# Problem to solve:
Copy the lines of the data below exactly, starting at the first and stopping after the line that contains "Set de construcție"; include no pictures.

# Stored data:
==========

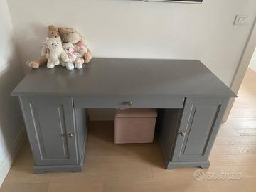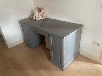 Privato vende una scrivania in legno con cassetto centrale e ante laterali con ripiano centrale. Colore grigio. Misure: LxPxH 145x64x74 cm. Marca Ikea La scrivania si smonta molto facilmente. Prezzo 200 euro.
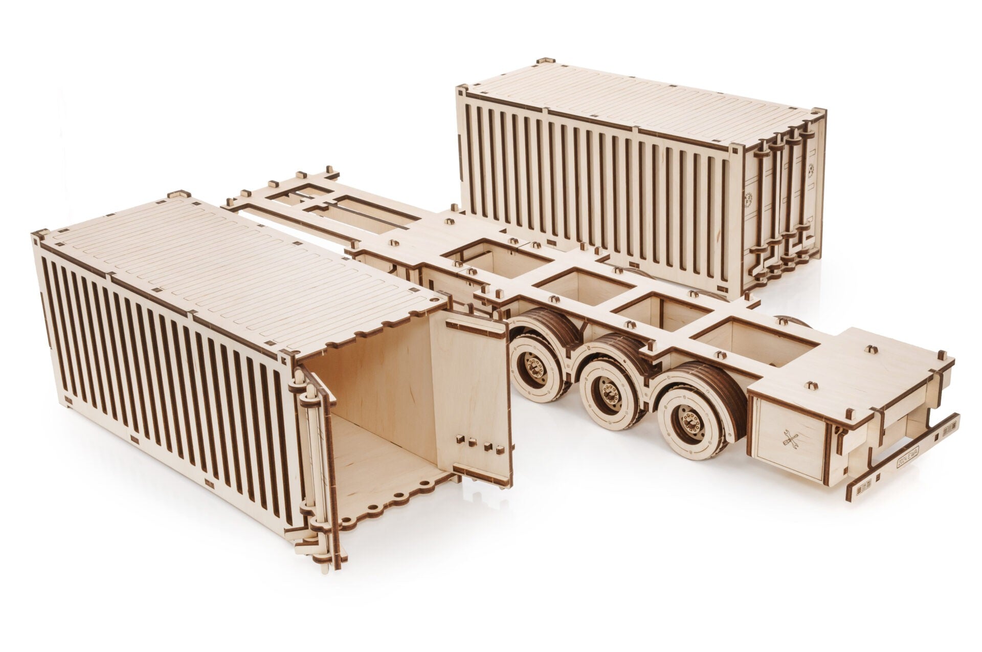 Set de construcție cu 238 de piese, fiecare tăiată cu precizie, care formează baza platformei și loc pentru două containere.
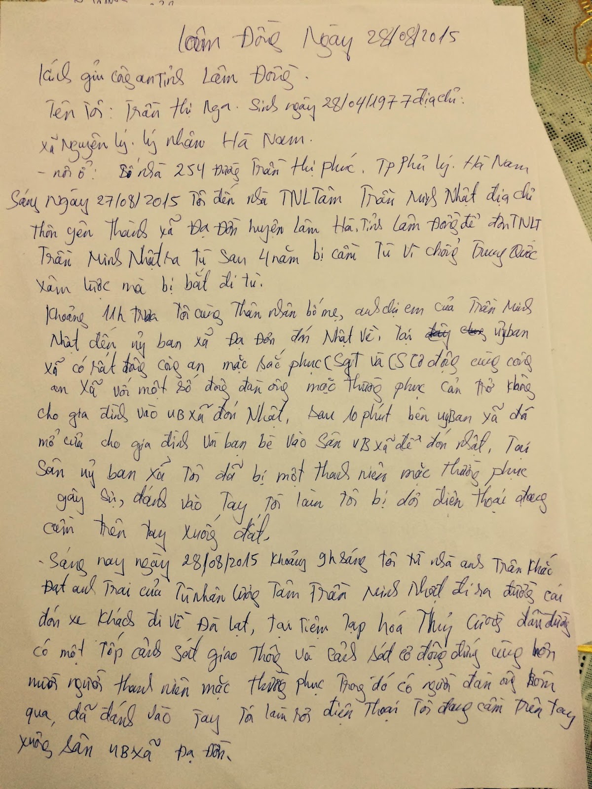 Trần Thị Nga - Sáng ngày 28/8/2015 tôi cùng những người bạn sau một ngày vui chơi với gia đình TNLT Trần Minh Nhật mới mãn hạn tù trong vụ án nổi tiếng 14 thanh niên công giáo, tin này bị bắt năm 2011 tại xã Đạ Đờn huyện Lâm Hà, tỉnh Lâm Đồng. Hơn 9h sáng tôi cùng anh Trương Minh Tam, cựu TNLT Chu Mạnh Sơn, cựu TNLT giáo sư Phạm Minh Hoàng, cựu TNLT Nguyễn Văn Oai, cùng vài người bạn ra đường đón xe về Đà Lạt vui chơi ngắm cảnh rồi mỗi người lên xe về một nơi.

==========

# Answer for the task:
 Privato vende una scrivania in legno con cassetto centrale e ante laterali con ripiano centrale. Colore grigio. Misure: LxPxH 145x64x74 cm. Marca Ikea La scrivania si smonta molto facilmente. Prezzo 200 euro.
 Set de construcție cu 238 de piese, fiecare tăiată cu precizie, care formează baza platformei și loc pentru două containere.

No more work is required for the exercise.